26 Me contó que estaba trabajando de asistenta de gerencia en la empresa de un amigo de
la familia, y no había querido hacerlo en la de su marido porque eso de verse las caras todo el
día no iba con ella. Casarse no era una cosa de juegos, me explicó, exigía una gran disposición,
hasta cierto talento, ¿sabes? Lo dijo muy seria. Su esposo vivía ocupado en los negocios, yendo
y viniendo de Colombia —ahora estaba de viaje por dos o tres semanas—, y ella se aburría con
las amigas, que se habían convertido en unas desabridas ahora que también estaban casadas.
De pronto, empezó a juguetear con la mano que yo tenía sobre la mesa, rozándome con una
uña pintada de rojo, trazando una línea sobre el dorso. Yo la dejaba hacer, algo desconcertado.
—Tienes que venir a mi cumpleaños —me dijo, de improviso—. Es dentro de cuatro días;
seguro que ya lo has olvidado.
Protesté, asegurándole que no pasaba año sin que lo recordara. De improviso, Lucía
miró su relojito e indicó que debía ir a trabajar. «Es la hora de nosotros, los esclavos», dijo,
sonriendo.
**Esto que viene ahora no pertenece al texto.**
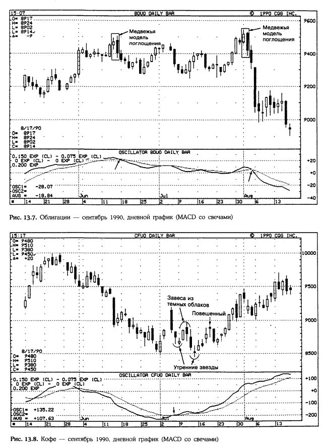 Индикатор MACD представлен двумя линиями (см. нижний график на рис. 13.7). Более подвижная сплошная линия — это сигнальная линия. Сигнал к продаже возникает в том случае, когда сигнальная линия пересекает пунктирную, более сглаженную, сверху вниз. В данном примере медвежий потенциал двух медвежьих моделей поглощения бьы усилен медвежьими пересечениями индикаторов MACD (см. стрелки). На рис. 13.8 видно, что в начале июля сигнальная линия MACD поднялась над более медленной (см. стрелку). Это являлось серьезным указанием на возможный разворот цен. Если посмотреть на график свечей, то выясняется, что бычий характер первой утренней звезды был аннулирован завесой из темных облаков. Падение цен от этой завесы завершилось появлением еще одной утренней звезды. После временного отката, отмеченного повешенным, возобладала подъемная сила рынка. [ Prev ] [ Content ] [ Next ] |
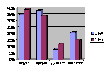 На базі Красноармійського навчально-виховного комплексу серед учнів 11-а, б класів було проведено дослідження з метою вивчення особливостей сприйняття, виявлення ведучого каналу репрезентативної системи. В опитуванні взяло участь 62 учні.
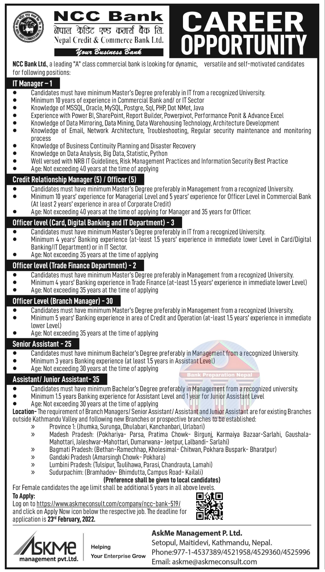 बैंकले आइटी म्यानेजरका लागि १ जना, क्रेडिट रिलेशनसिप म्यानेजरका लागि ५ जना र अफिसरका लागि ५ जना, अफिसर लेभल कार्ड, आइटी डिपार्टमेन्टका लागि ३ जना, अफिसरलेभल ट्रेड फाइनान्सका लागि २ जना, अफिसर लेभल ब्रान्च म्यानेजका लागि ३० जना, सिनियर असिस्टेन्टका लागि २५ जना, असिस्टेन्ट जुनियर असिस्टेन्टका लागि ३५ जना गरी १०६ जना कर्मचारीको माग गरेको हो ।
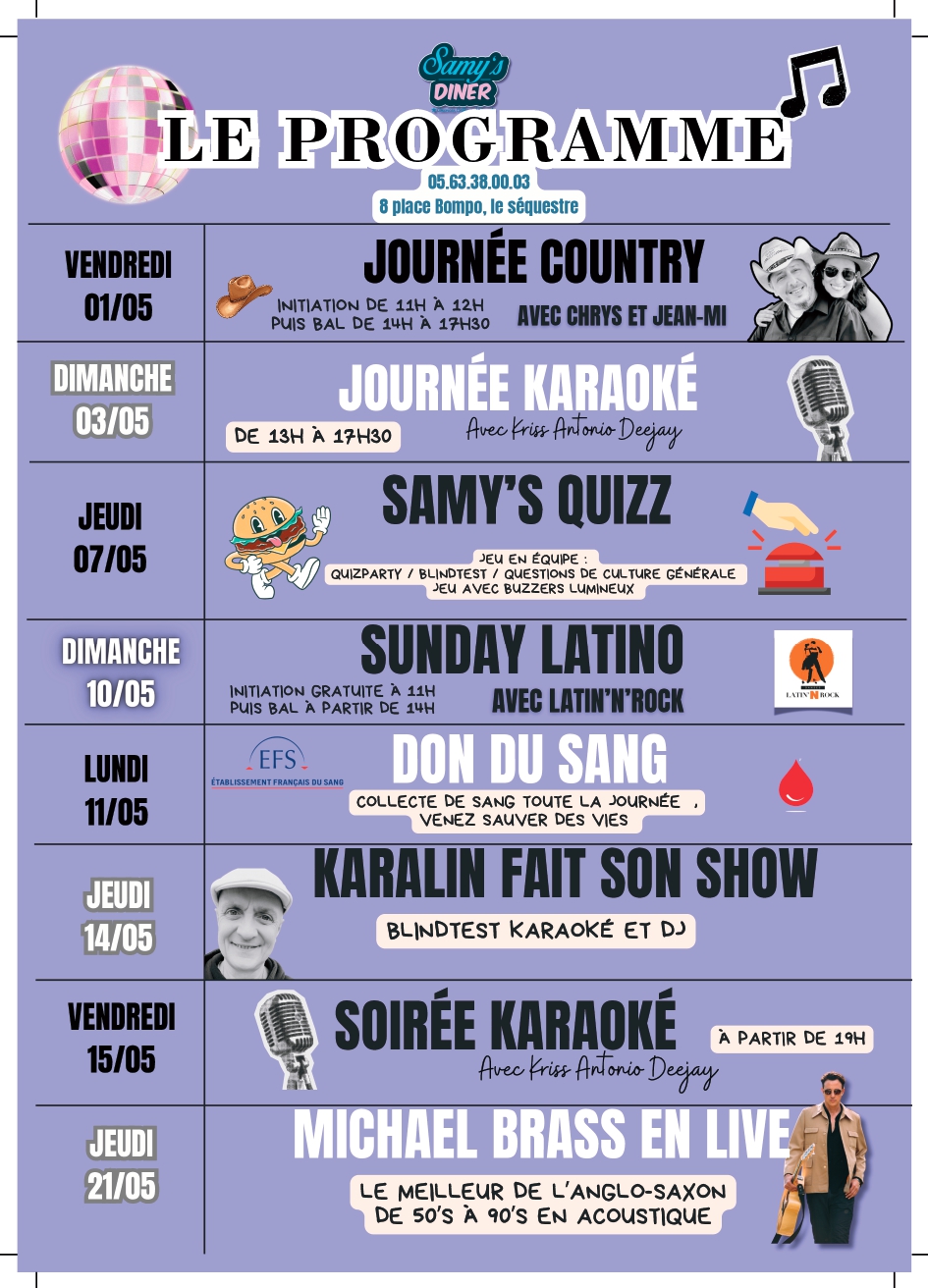 Avec sa terrasse, son salon privatif avec vue sur le circuit d'Albi, une salle de jeux arcades pour les enfants et des soirées animées (rock'n'roll, karaoké, country…), Samy's Diner est idéal pour petits et grands.

Y mientras yo pagaba al mozo, ella bromeó: «Me he convertido en una esclava más
de esta sociedad caduca a la que censurábamos».
En la calle, mientras avanzábamos, yo pensaba: «Lo voy a hacer». Más adelante, ella
levantó una mano para detener un taxi. «Lo voy a hacer ahora».
—La verdad, estás muy hermosa, Lucía.
Ella sonrió halagada.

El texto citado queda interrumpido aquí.